Я сделала ему знак вернуться. Но он был уже слишком далеко. Он решил, что это мой прощальный привет. Он ответил на него и продолжал идти своей дорогой. Тогда я заплакала; я понимала, сколько зла я ему причинила, прогнав его, и я молила бога дабы смягчить это зло, ниспослать ему, как всегда, светлое вдохновение, при котором скорбь становится драгоценной, а слезы — благотворными.
Потом я долго еще на него смотрела, когда он черной точкой мелькал в глубине долины, скрываясь то за холмами, то за кучкой деревьев, а потом снова появляясь над водопадом или на краю ложбины, и, видя как он удаляется медлительно и грустно, я переставала жалеть его; мне думалось: он уже восхищается пеной потока и зеленью гор, он уже призывает бога, он уже возносит меня в своих мечтах, уже настраивает лиру своего гения, уже облекает страдание свое в форму, которая расширяет его русло, вместе с тем смягчая его остроту.
Почему вам хотелось, чтобы судьба Стенио меня испугала? Сделать меня ответственной за нее, предсказывать мне, что она будет ужасной, жестоко и несправедливо. Стенио гораздо менее несчастен, чем он говорит и чем думает. О, с какой охотой я бы сменила мою участь на его! Сколько у него богатств, которых у меня больше нет! Как он молод, как он велик, как он верит в жизнь!
Когда он больше всего жалуется на меня, он всего счастливее, ибо считает меня неким чудовищным исключением. Чем больше он отталкивает мои чувства и борется с ними, тем больше он уповает на свои, тем больше привязывается к ним, тем тверже верит в себя.
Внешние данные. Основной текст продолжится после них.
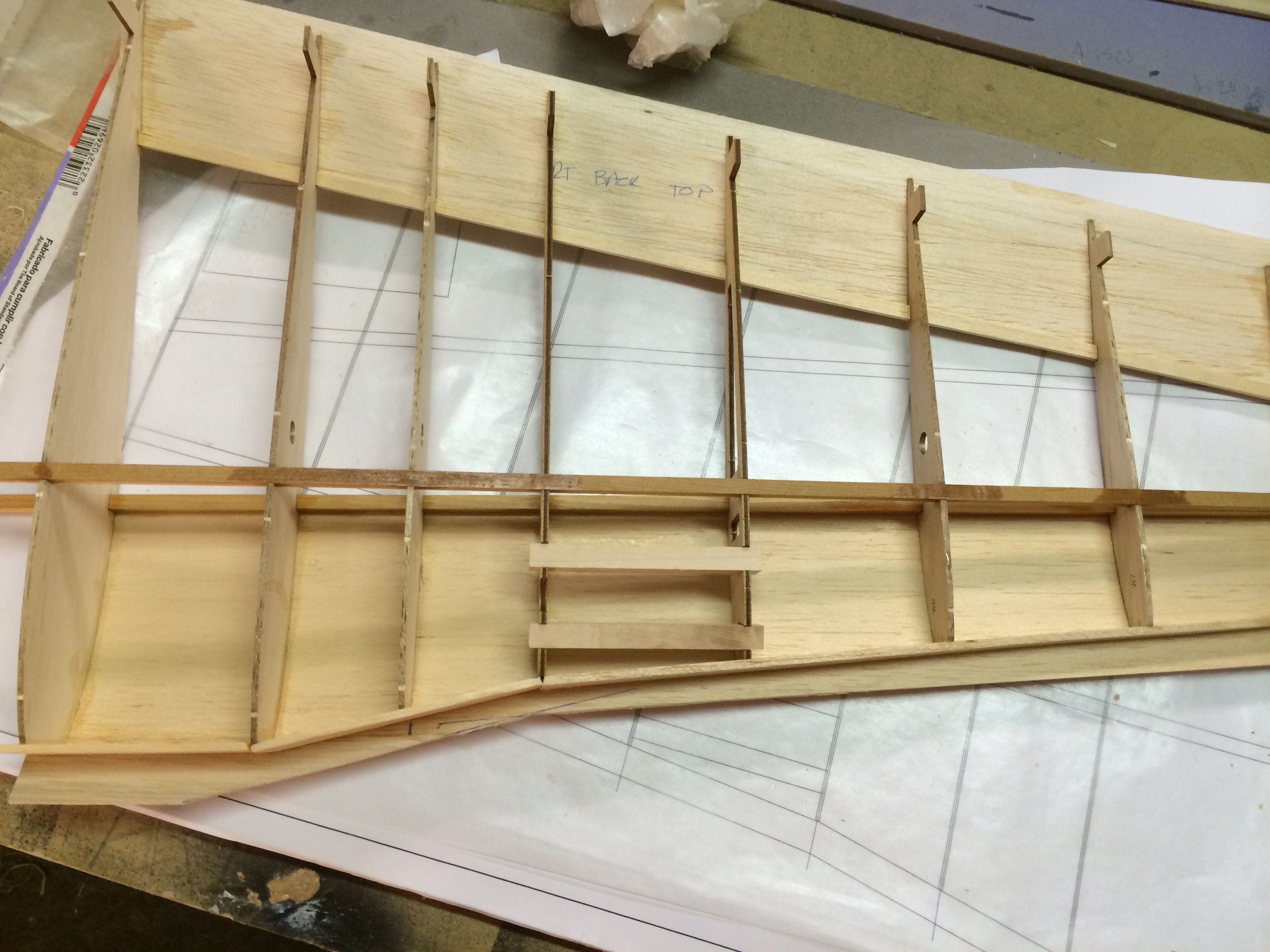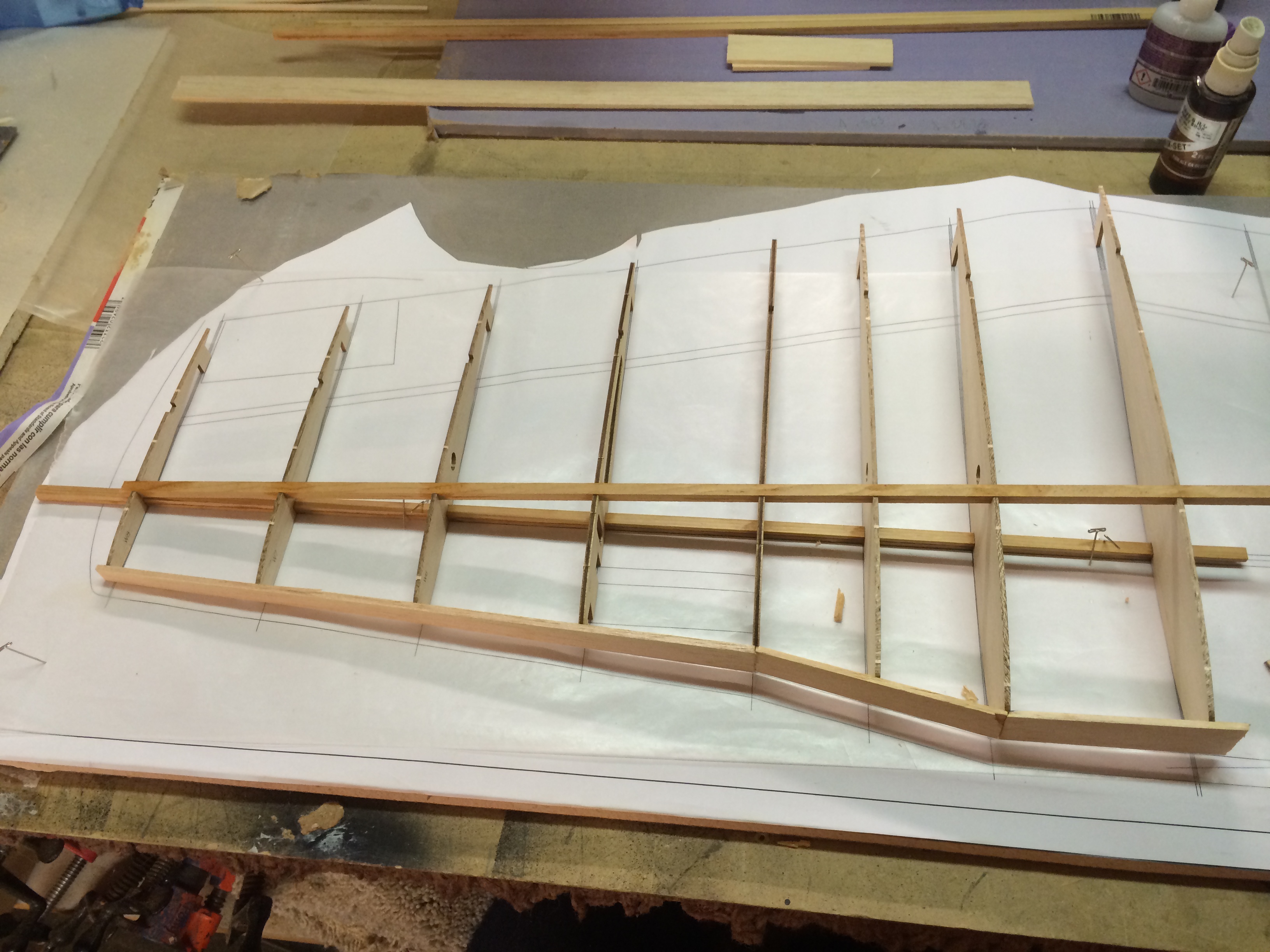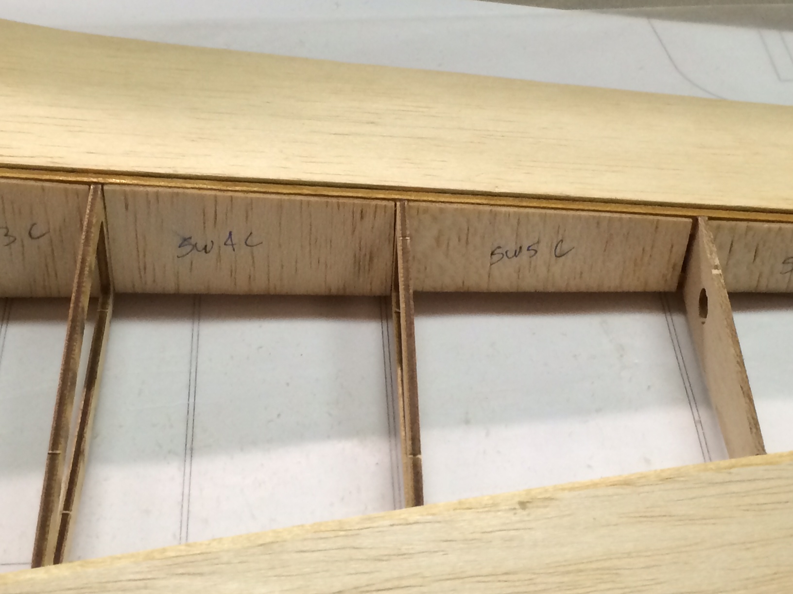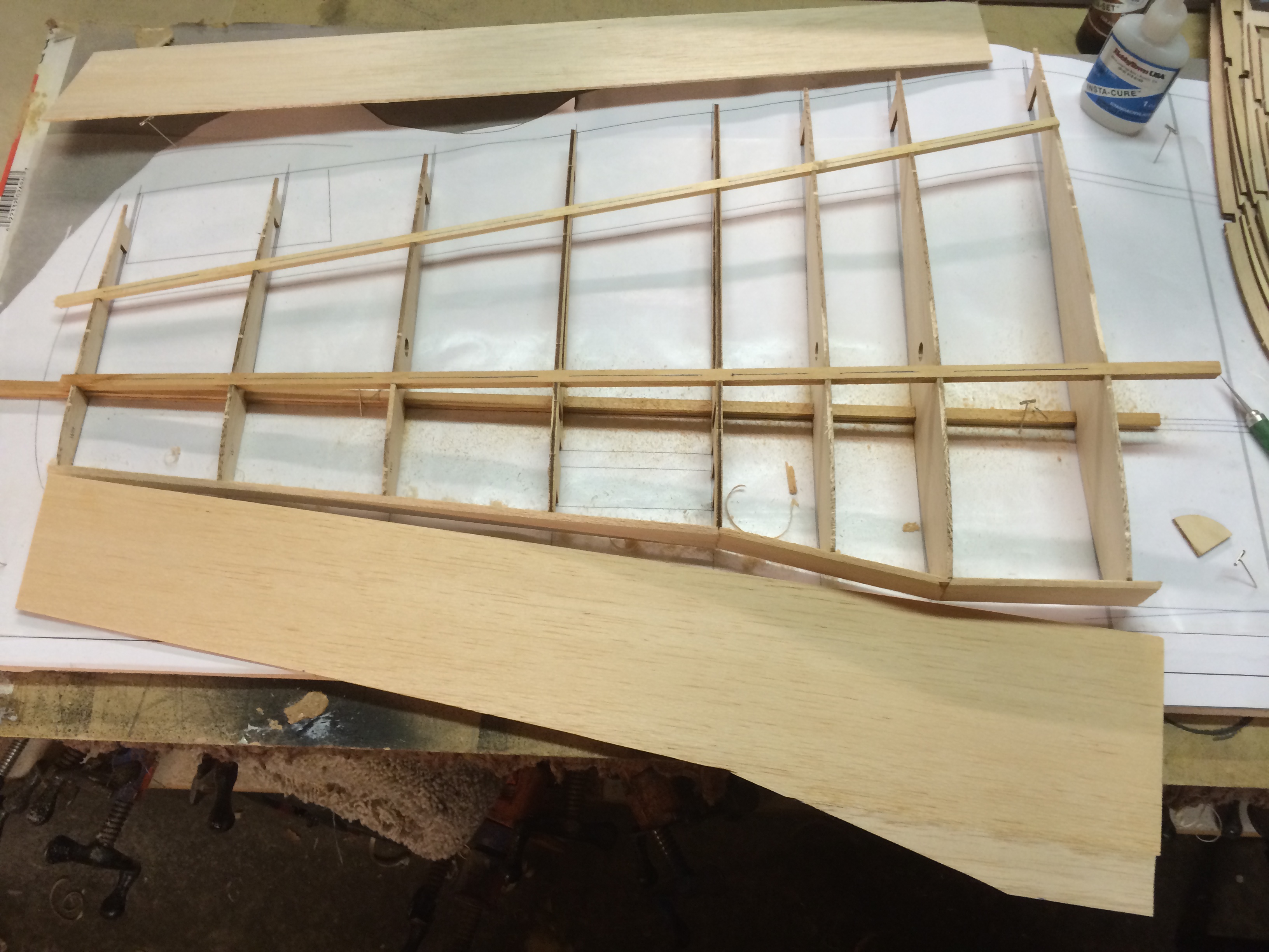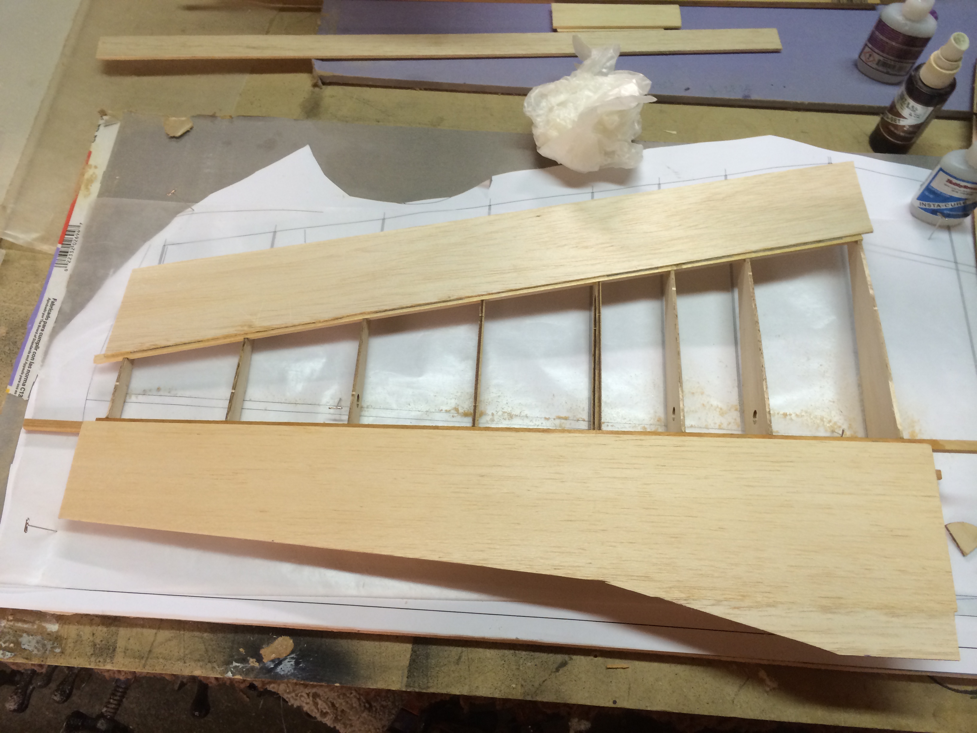 After getting all the spars in place I glued the wing skins that were prepared ahead of time to the spars from the center out with medium Ca.

О, верить в себя! Восхитительное безрассудство самонадеянной молодости! Устраивать самому свою судьбу, с высокомерным презрением глядеть на ленивых путников, которые устало бредут по дороге, и думать, что ринешься к цели, сильный и стремительный, как мысль, что в пути у тебя ни разу не захватит дух, что ты нигде не споткнешься. По неопытности своей принимать желание за твердую волю! Какое счастье, какая неразумная дерзость! Какое бахвальство, какая наивность!
Как только он скрылся вдали, я стала спрашивать себя, где же мое страдание, и больше не находила его: мне стало легче, словно я избавилась от угрызений совести; я легла на лужайку и уснула, как узник, с которого сняли кандалы и который пользуется своей свободой, чтобы прежде всего насладиться отдыхом.
А потом я снова спустилась по Монтевердору с пустынной его стороны и так, что вершина горы оказалась между мною и Стенио, между одиночеством и человеком, между мечтою и страстью.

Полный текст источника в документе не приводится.